27.03.26 – 17.00 – Nel fine settimana tra sabato 28 e domenica 29 marzo torna l’ora legale. Nella notte, precisamente alle 2.00, le lancette si spostano avanti di un’ora. I dispositivi digitali si aggiornano in automatico, mentre orologi e sveglie analogiche vanno regolati manualmente.
Al di là delle abitudini quotidiane, che possono risentire del cambiamento in modo diverso da persona a persona, il passaggio all’ora legale ha effetti positivi misurabili sui consumi energetici. Secondo Terna, nel 2025 il risparmio è stato compreso tra 310 e 330 milioni di kWh, pari al fabbisogno annuo di circa 120-125 mila famiglie.
Il vantaggio si riflette anche sulle bollette: tra fine marzo e fine ottobre dello scorso anno il risparmio economico complessivo è stato stimato tra 90 e 100 milioni di euro. Benefici anche sul piano ambientale, con una riduzione delle emissioni tra 145 e 200 mila tonnellate di anidride carbonica.
Nei mesi di ora legale cambiano anche le abitudini domestiche. I consumi complessivi calano in media del 20% rispetto all’inverno, con una flessione più marcata per illuminazione ed elettronica (-34%) e per i consumi in standby (-19%). Più ore di luce e temperature più miti favoriscono una maggiore permanenza all’esterno e un minore utilizzo degli apparecchi in casa.
Aumentano invece i consumi legati alla stagione estiva: la climatizzazione cresce di circa il 30% e la refrigerazione degli alimenti del 10%. Su base annua, i dati 2024 indicano un risparmio medio del 10,3% nelle abitazioni con riscaldamento tradizionale e del 4,8% in quelle dotate di sistemi con inverter.

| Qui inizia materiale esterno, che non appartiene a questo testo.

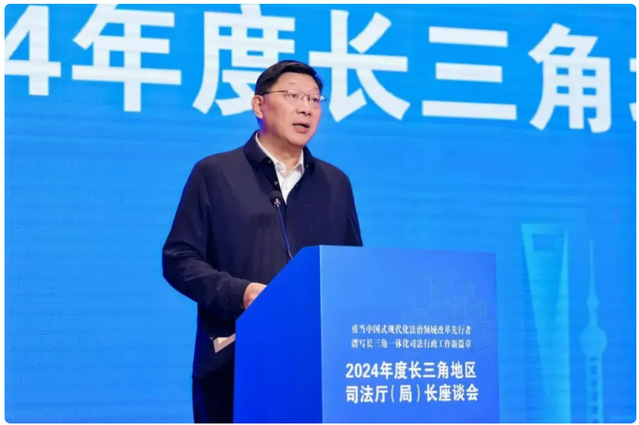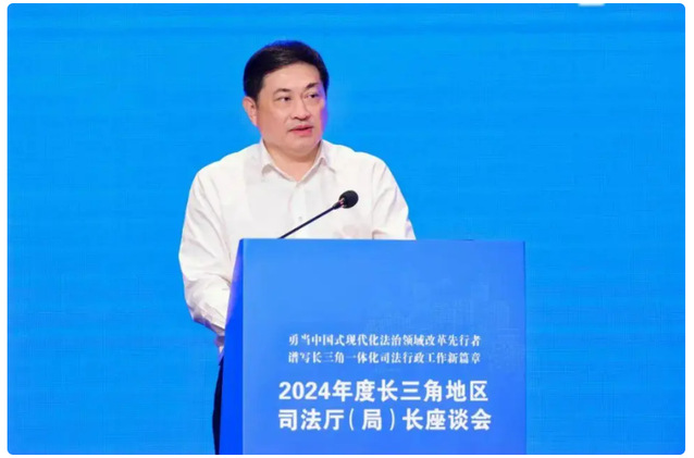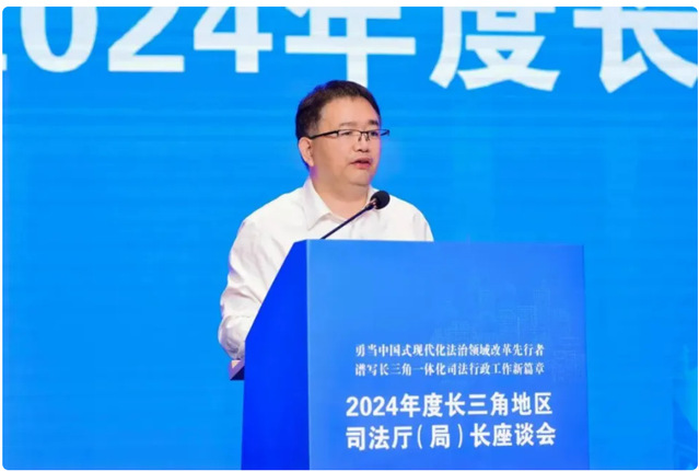 浙江省司法厅党委书记、厅长王中毅强调,要深刻认识法治是中国式现代化的重要保障,是护航长三角一体化发展的重要力量,进一步强化三省一市司法行政部门合作,为深化法治领域改革写下生动脚注。要聚焦统一大市场,携手共创协同开放长三角。持续以制度规则统一促进市场公平竞争、以涉企执法改革促进市场高效规范、以涉外法治建设促进市场充分开放,探索更多改革切入点、发力点,为建设区域一体化大市场奠定良好法治基础。聚焦法治大场景,携手共促一体联动长三角。积极探索区域立法协同模式创新,加强政府年度立法计划编制沟通常态化;健全完善区域规范性文件协作机制,助推政府依法决策;持续深化律师、公证、仲裁、司法鉴定和调解协作,加快推动区域公共法律服务协同发展、便利共享。聚焦风险大防控,携手共建安全稳定长三角。依托长三角法治文化共建共享联盟,共同培育长三角法治文化品牌,下好法治社会基础性建设“先手棋”。积极探索建立长三角区域商事调解示范规则,推动更多法治力量向引导和疏导端发力,下好矛盾纠纷跨区域化解“组合棋”。推动建立长三角区域罪犯刑满释放衔接协调机制,积极提升区域安全发展能力,努力实现高质量发展和高水平安全良性互动。

Non mancano le critiche al cambio semestrale. Studi scientifici evidenziano effetti sul ritmo sonno-veglia, soprattutto nei giorni immediatamente successivi al passaggio all’ora legale, con più stanchezza e minore attenzione. Alcune ricerche rilevano anche un aumento, seppur contenuto, degli incidenti stradali e degli infortuni sul lavoro. Il cambiamento risulta più difficile per bambini, anziani e persone con patologie.
Negli ultimi anni si è riaperto il confronto sull’ipotesi di mantenere l’ora legale tutto l’anno, per eliminare il problema doppio cambio. Il Parlamento europeo si è espresso per superare il sistema attuale, lasciando però agli Stati la scelta. Tra i possibili vantaggi vengono indicati una maggiore stabilità nei ritmi biologici e più luce nelle ore serali anche nei mesi invernali, oltre a ulteriori risparmi energetici. Restano però differenze di vedute tra i Paesi e non è stata ancora presa una decisione definitiva.
Per ora, quindi, il sistema resta invariato: il ritorno all’ora solare è previsto nel fine settimana del 25-26 ottobre.